***VENT*** Bio Mom is doing it again.. need advice badly on how to handle this..
Ok, brief overview of history.
2010 - late May, BM decides to run off to vegas and marry sociopath she met online. Gets back and decided they are taking kids and moving over an hour away from where DH lives and they have had shared custody. DH got attorney and fought it - got custody of 2 boys (I wasn't thrilled but decided to give it a try).
2011 - March. She and sociopath decide to get a 2 bedroom apartment by us. Sociopath also has 2 kids he only sees EOWE and we were like how in the hell are they all going to live in a 2 bedroom apartment?? But thought, oh well.. kids want to spend every other week with BM, so we decided to move forward with shared parenting.. and they can manage 2 days sharing a bedroom or whatever with their step siblings if this is what they really want.

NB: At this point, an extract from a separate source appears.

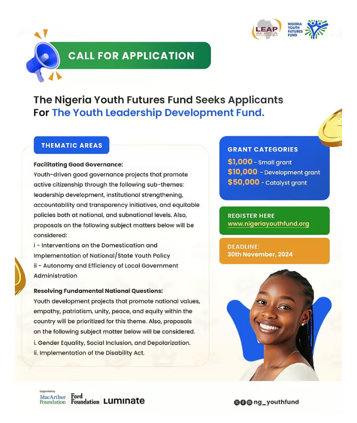 Are you a young changemaker looking for funding to support your community projects? The Nigeria Youth Futures Fund (NYFF) is now accepting applications for the 2024/2025 grant cycle, designed to empower young leaders in Nigeria working on community change.

2011 - November. BM tells us they found a house to rent. TWO STREETS OVER from us.. we were like "ugh" but again.. it's about what is best for kids, not us. Shared parenting was going ok. Although we were a bit annoyed that every weekend she had the kids, they would leave all 4 kids home alone till the wee hours of the morning (like 4 or 5am), but we couldn't do anything about this.
Summer - 2012. BM announces her and sociopath are over and he is moving out.. for the next 6 months it is a back and forth "he's there and they are working it out" and "he's gone and we are over" struggle.. at times she would tell us the kids can't come over because she doesn't want them there when he is.. we juggle the schedule around constantly to accommodate her constant changes. It was a mess.
February - 2013. She calls DH and says she is staying with sociopath. "He cheated on her and she never gave him a chance to make things right - wasn't fair to him" blah blah... (bear in mind he cheated before they got married too).. DH flat out tells her he thinks its a mistake and points out all the problems this has caused for their kids, etc. She just doesn't care. It's obvious the only thing that matters is he marriage, not her kids.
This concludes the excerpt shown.